Oracle Corp. is expected to post gains in its first-quarter profit and sales when it reports results for the traditionally weak period after the market's close Thursday, even as Wall Street analysts have warned that a poor economy may be hindering the business software giant.
Analysts on average expect Oracle to post earnings excluding special items for the period ended in August of 26 cents a share, on $5.45 billion in revenue, according to FactSet Research.
That compares to earnings excluding special items of 22 cents a share, and $4.53 billion in revenue in the same period a year earlier.
Wall Street analysts have generally sounded cautious about Oracle's stock recently. Oracle shares have dipped nearly 20% in the past month. The shares rose slightly Thursday, to close at $19.35.

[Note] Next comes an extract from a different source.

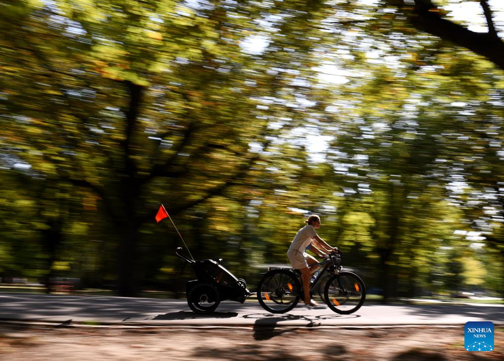 People ride along Prater Hauptallee amid a heatwave in Vienna, Austria, on Aug. 14, 2025. (Xinhua/He Canling)
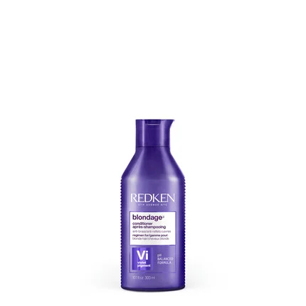 Color Extend Blondage Conditioner is a violet-pigment depositing conditioner that protects and tones for blonde and highlighted hair that are experiencing warmth and brass. Formulated with Citric Acid to strengthen and repair blonde hair while pure violet (purple) pigments remove unwanted brassiness to cool hair’s warm for a brighter, truer blonde hair color. This product is recommended for hair that contains orange or yellow undertones, and for those who experience persistent brassiness.

Credit Suisse analyst Philip Winslow wrote in a note to clients earlier this week that he expects a "difficult first quarter" for Oracle, "due to a sluggish application business, disruption in sales due to sales re-organization, as well as foreign currency headwinds."
Oracle, historically a powerhouse in database software, has more recently used a string of acquisitions to construct a formidable line of software applications for businesses.
That's drawn it into more direct competition with German rival SAP AG, while providing new potential sources of revenue.
In its first fiscal quarter last year, Oracle posted surprisingly strong growth in the sale of new software application licenses, helping boost its stock price.
Citigroup analyst Brent Thill wrote in a recent research note that Oracle's flagging share price recently is due to low expectations for the company's first-quarter license revenue growth.
"Despite a strong [fourth quarter] backlog, we believe [the first quarter] lived up to its difficult reputation," Thill wrote.
Still, Thill wrote that while Oracle may issue conservative guidance for its current, second quarter, if that guidance is in the "low to mid-teen" range, "the stock could rally."